The PERB ruling, which rolled together four separate complaints against the district and Faculty Senate, found that both had violated the Education Employment Relations Act when the district gave stipends and time off to teachers serving as Faculty Senate members, and when the Faculty Senate gathered signatures for the Clovis Teachers Organization, another labor organizing group created to rival ACE.

The PERB decision also requires the district to delete language in emails from former Superintendent Eimear O’Brien in support of the Faculty Senate as the teachers’ representative and the portions of “Doc’s Charge” that clearly advocates against teachers joining a labor union.

“Doc’s Charge” is the guidance for employees that was created by Floyd “Doc” Buchanan, the district’s founding superintendent. The guidance also emphasizes the importance of maintaining high standards and teaching students to be competitive and successful.

“Doc’s Charge is the most blatant,” the PERB ruling says. “It specifically sets forth a historical viewpoint of the District being proud that it is non-union.”

Although the district removed the language from its website and stopped handing it out to newly hired employees during orientation, it is still on display in the trustees’ boardroom, superintendent’s office, and other district locations, the PERB ruling observed.

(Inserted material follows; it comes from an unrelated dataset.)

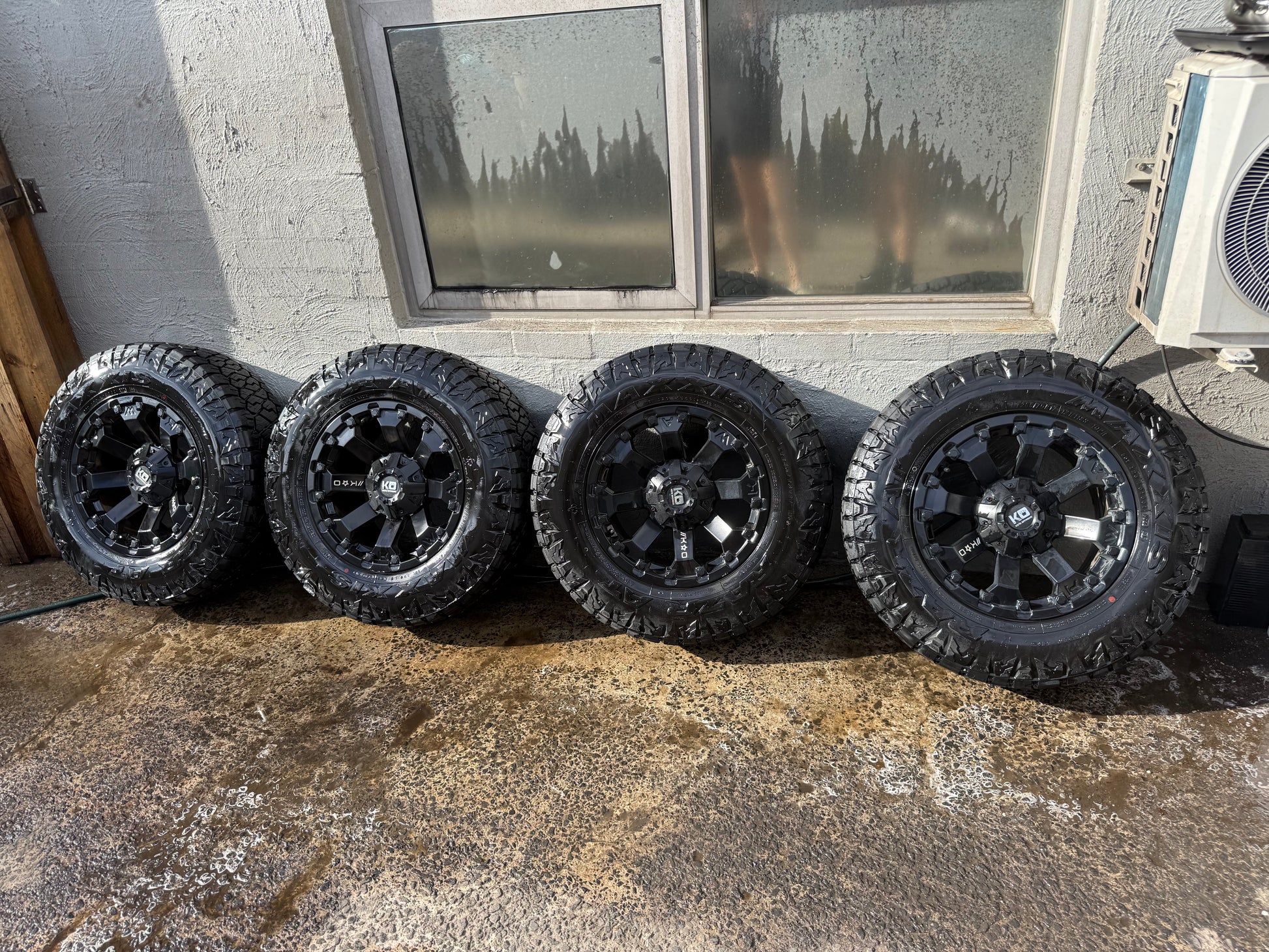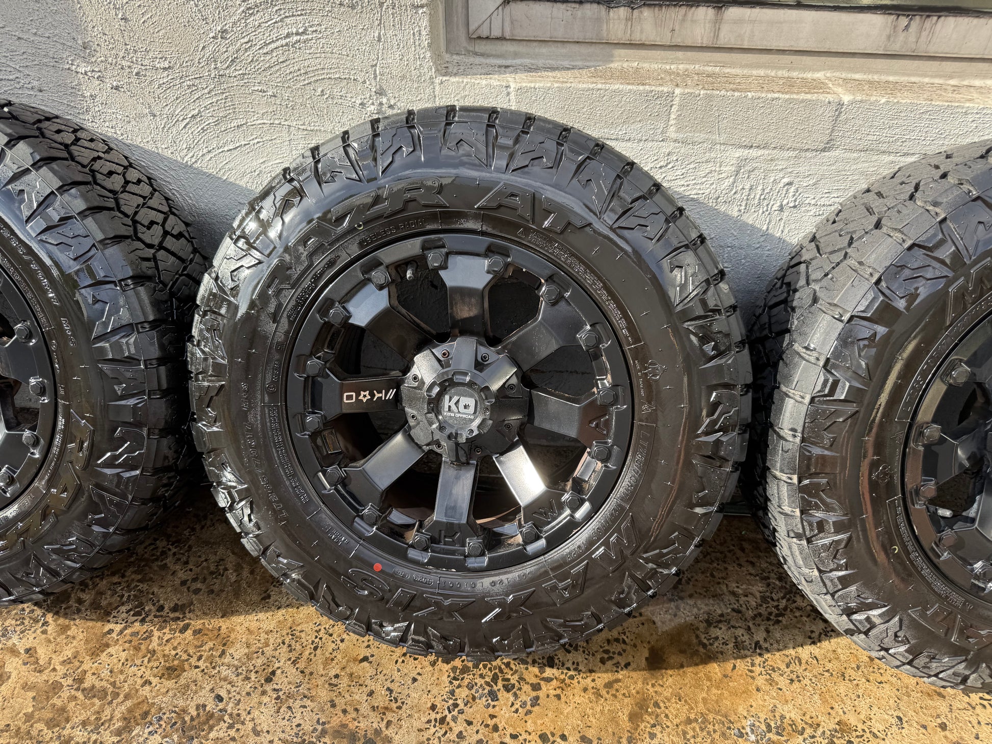 King Off Road Black Alloy Wheels with Maxxis Razr A/T Tyres. No cracks, buckles or flat spots. Tyres have 90% tread. 265/70R17 tyre size. 17x9. ET0. Stud pattern 6x139.7. Have been balanced and are ready to go straight on. Pickup from Highett or delivery is available for an extra cost, anywhere in Australia. Call or text anytime. Will not sell individually. Sold as a set only.
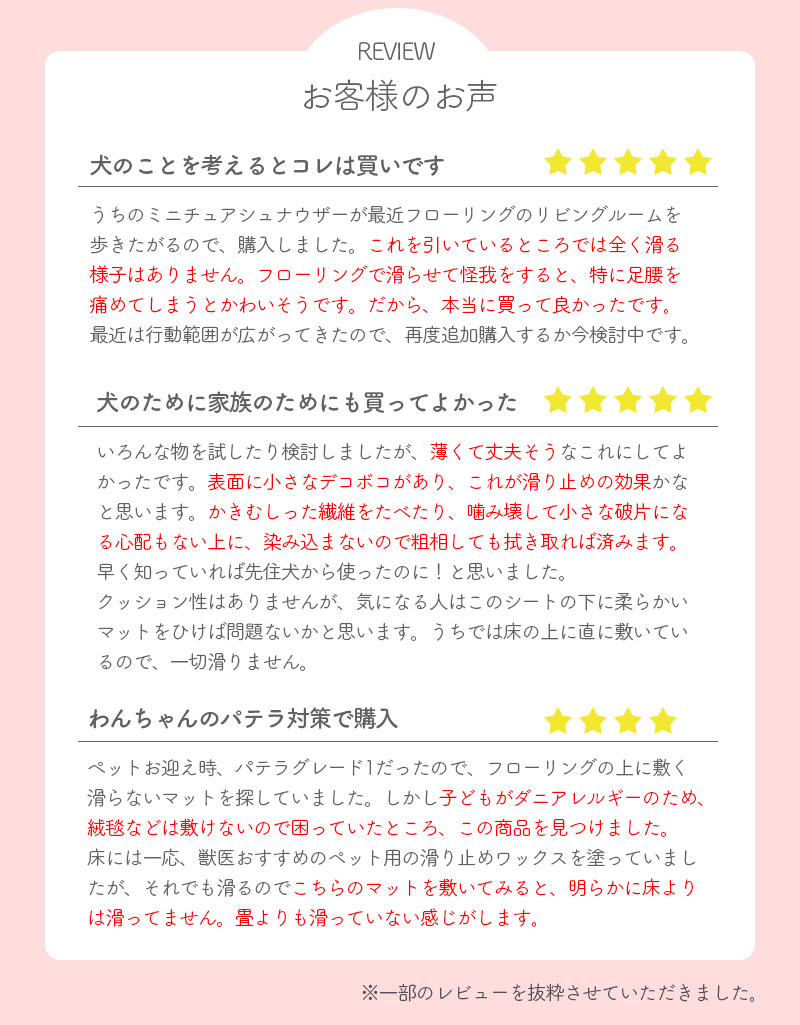 | 商品説明 | ●犬・猫・うさぎ等のペット向けペットマット! ●防滑・消臭機能付き ●ビニール製でお手入れ簡単、丸洗いOK! ●お好きなサイズに簡単にカットできます! ●滑りにく表面加工で、ペットの足腰への負担を軽減します! ●ペットの爪に強い耐久性! ●柄・カラー展開、全7アイテムの品揃え! |

As of Friday, the version of “Doc’s Charge” on the Clovis High School website still contained this paragraph: “The professionals who work in our district are proud that we do not have collective bargaining. We are the only large school district in the state where the teachers and the administrators can still publicly say they like each other. I say that tongue in cheek, but my goodness, it’s amazing how often you read in the paper of adults fighting over the rights and benefits of adults. Does anybody remember children anymore?”

ACE successfully organized a subgroup of the district’s credentialed employees, the school psychologists and mental health specialists, and now represents them at the bargaining table. The union began representing those employees in February 2022.

While teachers are unrepresented by a union, other Clovis Unified staffers are represented by several different unions.

But ACE’s efforts to collect enough signatures to represent the teaching force have not been successful, and ACE argues that the district’s support of the Faculty Senate has hampered those efforts.

More Time for Signature Gathering

ACE began its signature-gathering in April 2021. Typically signatures are valid for one year.

The PERB decision, which has not been finalized pending appeals, would give ACE a year to complete its signature-gathering from the date the ruling is final.

Heimerdinger, who teaches at Buchanan High School, said Friday that the PERB judge’s ruling means ACE does not need to continue resigning teachers whose signatures had expired. ACE is continuing to collect signatures, she said.

Once the union collects 50% plus one signature, it would win recognition as the teachers’ labor representative, she said.

“The exact number is harder to know because we’d have to decide if we want to include counselors, speech therapists, etc.,” she said in a text message. “Twelve hundred would be more than required but a safe number accounting for all the possible members.”

ACE does not disclose how many signatures it has already collected, Heimerdinger said.